__Saved entries__.
────────────────

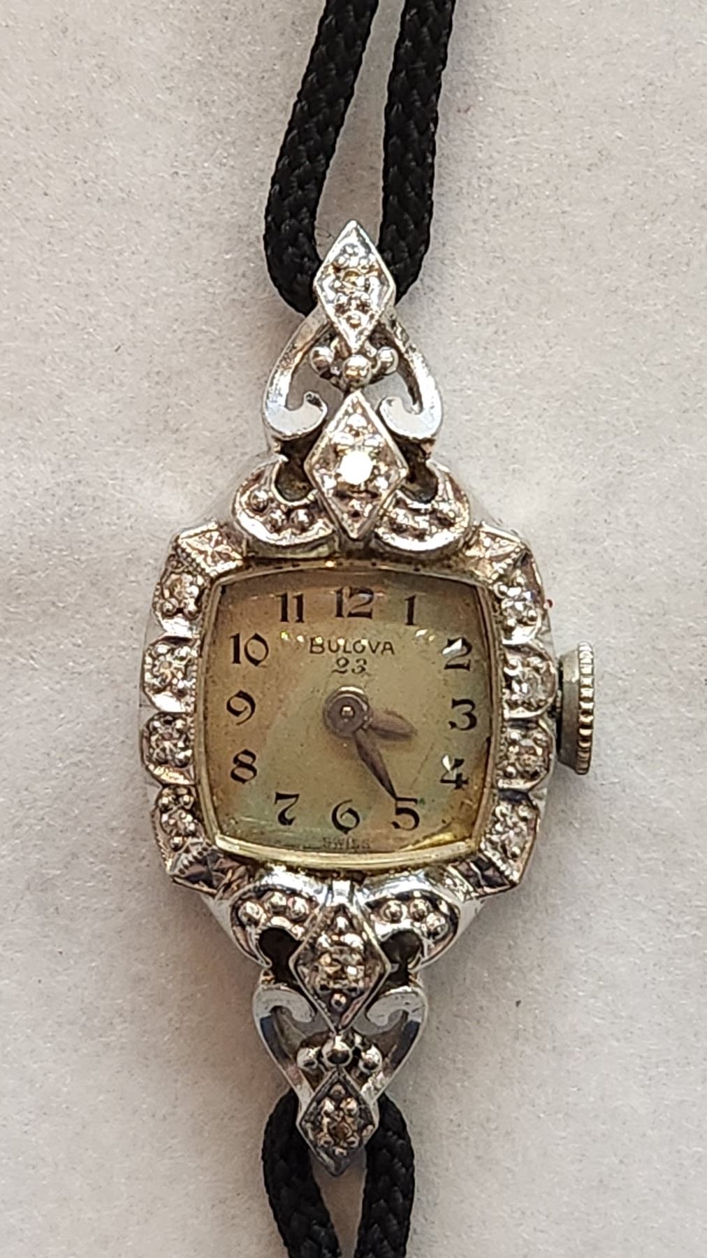 14K Gold Diamond Bulova Cocktail Watch 23 Jewels Swiss, In Working Condition
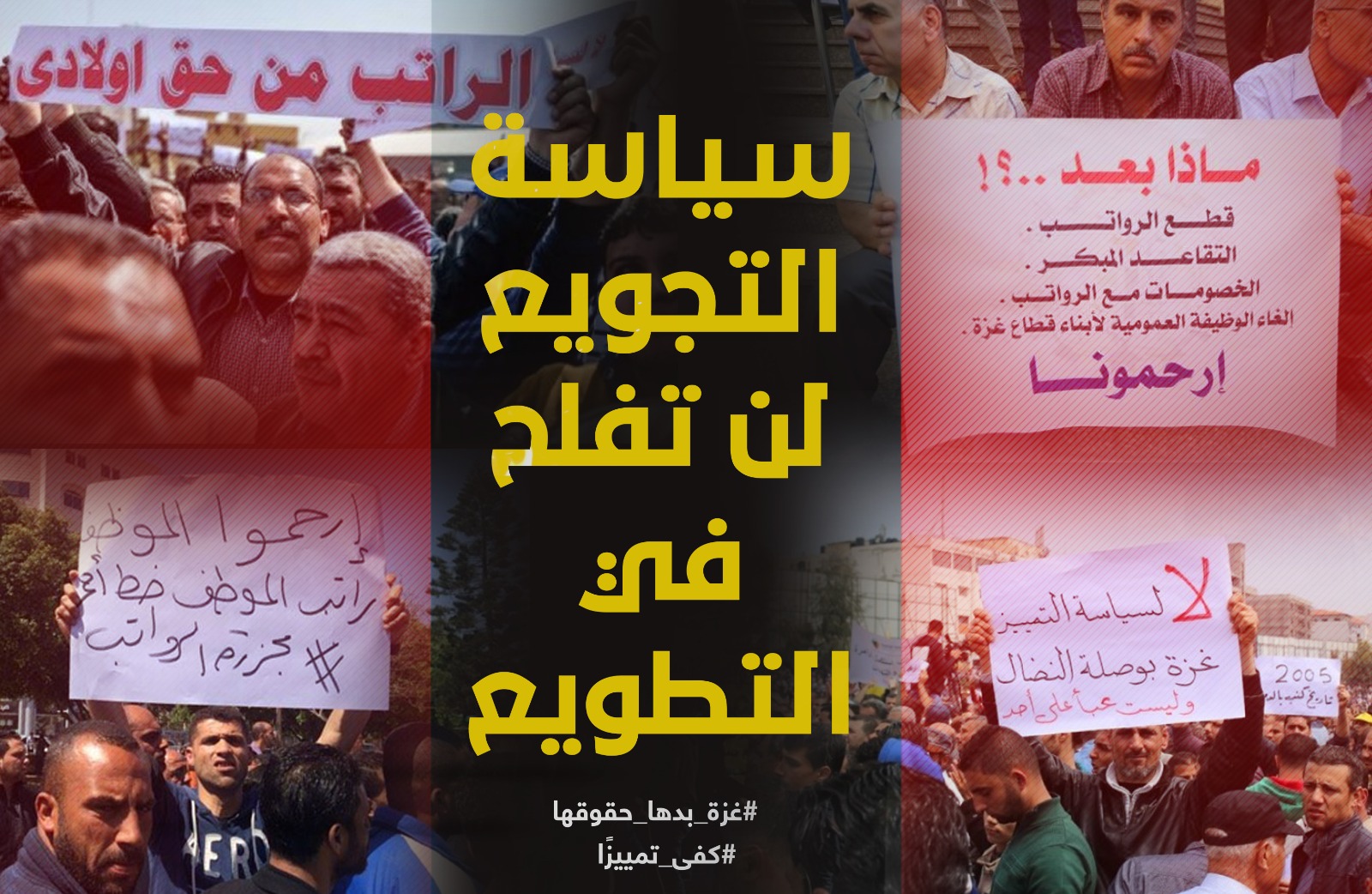 وأوضح، أن فئة العمال الذين ضحوا من أجل وطنهم لا يجب مكافأتهم في نهاية المطاف بهذه السياسة، التي أصبحت مكشوفة أمام الجميع وتمارس منذ 15 عاما بحجة الانقسام.
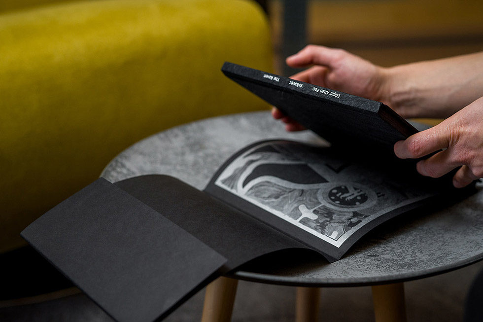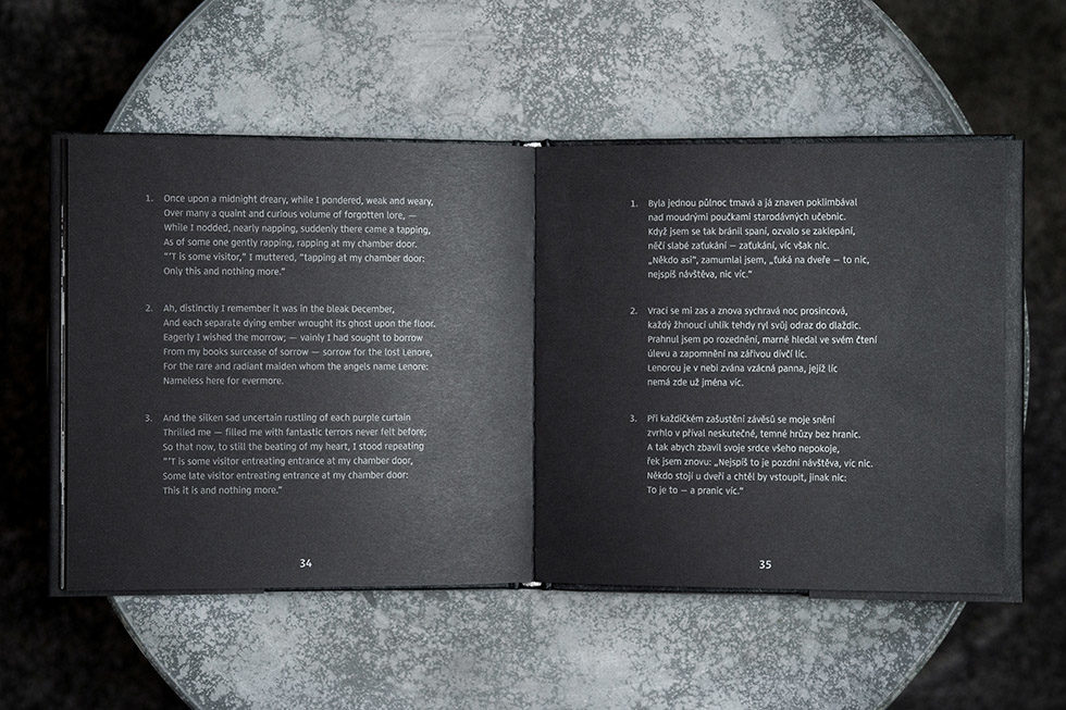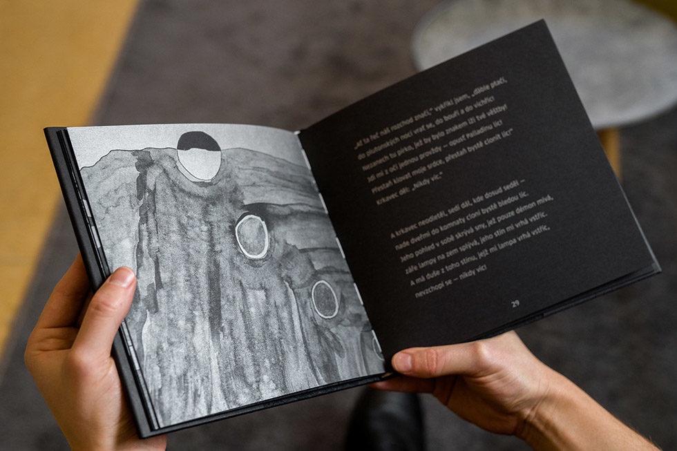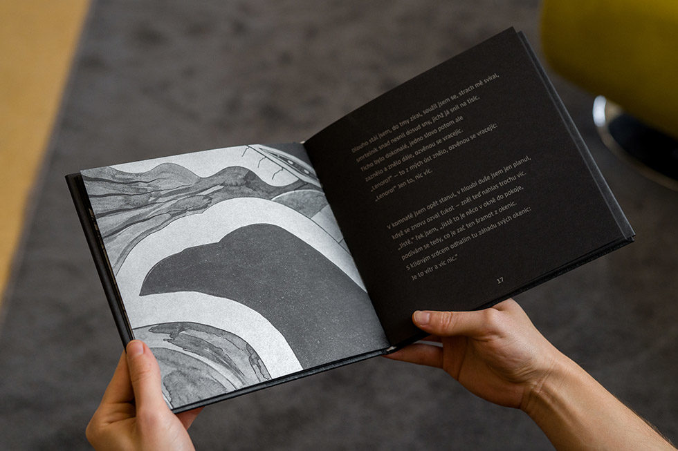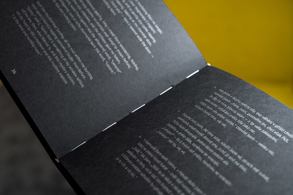 Celková koncepce druhého vydání knihy. Výroba na hranici experimentu. Pouze černý papír Pergraphica Infinite Black a tisk duplexem stříbrnou barvou. Sazba písmem Lipa Agate. Potah Twist Black a ražba stříbrnou horkou fólií.
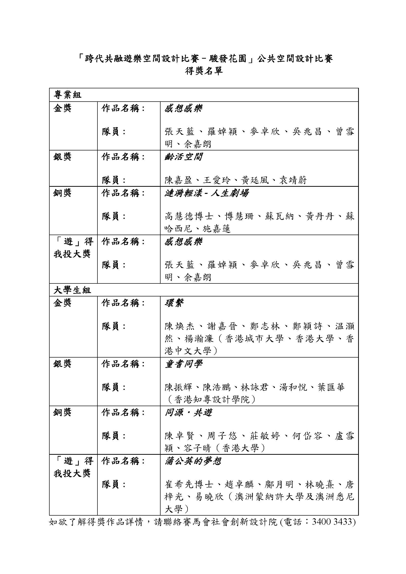 「跨代共融遊樂空間設計比賽 - 駿發花園」得獎作品展現創新思維
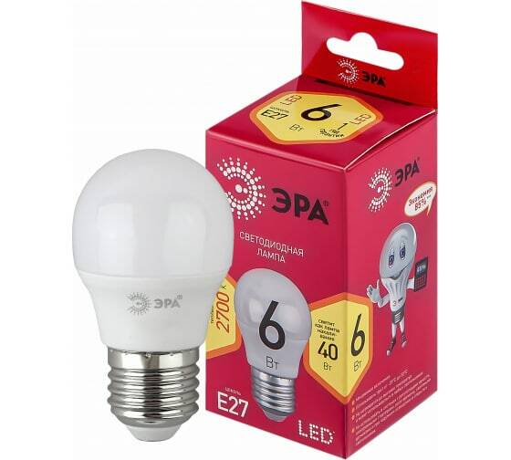 Светодиодная лампа ЭРА LED P45-6W-827-E27 R

────────────────

__About this exercise__.
When copying the entries, drop the images and keep every line exact.

__Answer__.
 14K Gold Diamond Bulova Cocktail Watch 23 Jewels Swiss, In Working Condition
 وأوضح، أن فئة العمال الذين ضحوا من أجل وطنهم لا يجب مكافأتهم في نهاية المطاف بهذه السياسة، التي أصبحت مكشوفة أمام الجميع وتمارس منذ 15 عاما بحجة الانقسام.
 Celková koncepce druhého vydání knihy. Výroba na hranici experimentu. Pouze černý papír Pergraphica Infinite Black a tisk duplexem stříbrnou barvou. Sazba písmem Lipa Agate. Potah Twist Black a ražba stříbrnou horkou fólií.
 「跨代共融遊樂空間設計比賽 - 駿發花園」得獎作品展現創新思維
 Светодиодная лампа ЭРА LED P45-6W-827-E27 R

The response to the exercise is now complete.